El Ministro de Asuntos Exteriores anglófilo de Polonia, Radoslaw Sikorski, advirtió a Gran Bretaña que no esperara un acuerdo similar a la “membresía a la carta de facto” del pasado. Las elites británicas, dijo a principios de este mes, necesitan “internalizar” el acuerdo europeo básico “que obtienen más beneficios a cambio de poner en común algunos aspectos de la soberanía”.
Una solicitud del Reino Unido (la de un ex miembro que había pasado por un amargo divorcio) también recibió un trato diferente a cualquier otra.
Rickels, ahora director asociado del Centro de Política Europea, dijo que muchos en las capitales europeas y en Bruselas acogieron con agrado el “espíritu y la señal” del Reino Unido, pero destacó que estaba muy lejos de ser un proceso formal. “La UE necesita ver un consenso nacional sostenido de que el Reino Unido realmente ha cambiado de opinión”.
Reflexionando sobre su propia experiencia, dijo: “La UE puede trabajar con un Reino Unido que sabe lo que quiere. Lucha con un Reino Unido que quiere los beneficios de la integración manteniendo al mismo tiempo una política de aislamiento”.
“El mundo del Brexit se ha ido”, dijo, en alusión al militarismo ruso, la coerción económica china y la política de “Estados Unidos primero” de Donald Trump. “Creo que todos deberían ver con pleno conocimiento que el Reino Unido y la UE son parte del mismo espacio estratégico.
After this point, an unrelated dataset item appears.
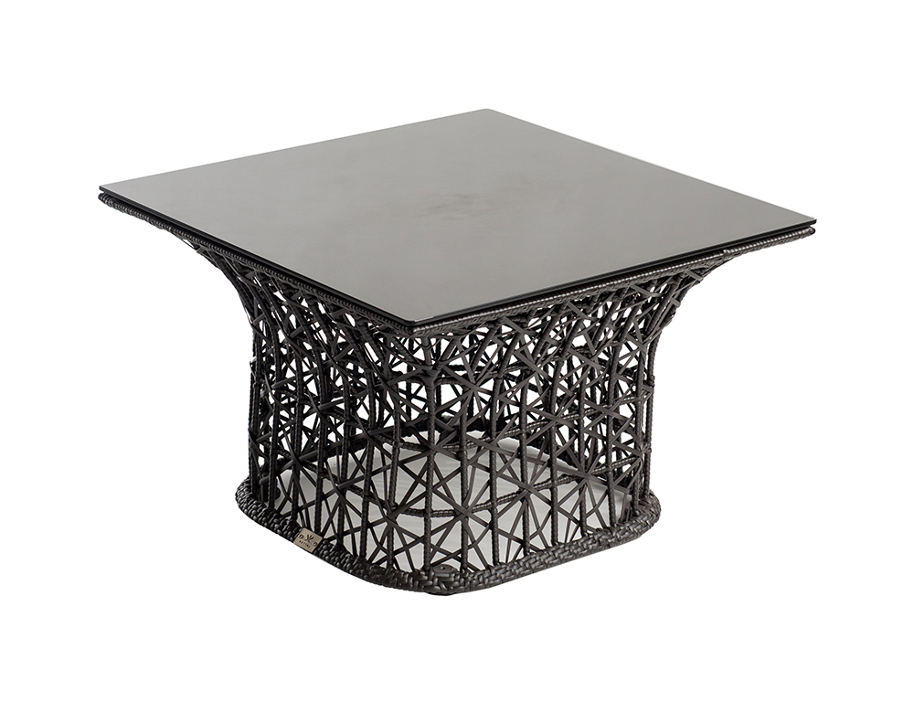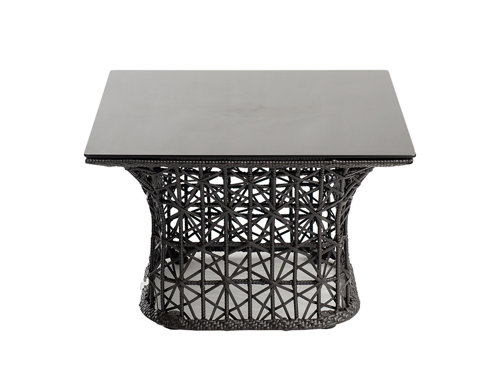 MATERIAL: Aluminum Powder Coated Frame Weaved in Synthetic Rattan + Tempered Glass Top COLOR: DARK BROWN DIMENSION: W63 X D63 X H42 cm

Si ese es el consenso nacional (para que el Reino Unido vuelva a unirse)… creo que la UE involucrará a todos muy seriamente. ¿Pero estamos ahí ahora? Todavía no”.
La principal portavoz de la Comisión Europea, Paula Pinho, se negó a comentar sobre los términos de las posibles conversaciones. Refiriéndose a la próxima cumbre UE-Reino Unido, que se espera ampliamente para principios de julio, dijo: “Se ha hablado de una cooperación más estrecha en varias áreas. Ahí es donde estamos y eso es lo que estamos haciendo, en preparación para la próxima cumbre, en lugar de especular sobre temas grandes, nuevos o renovados”.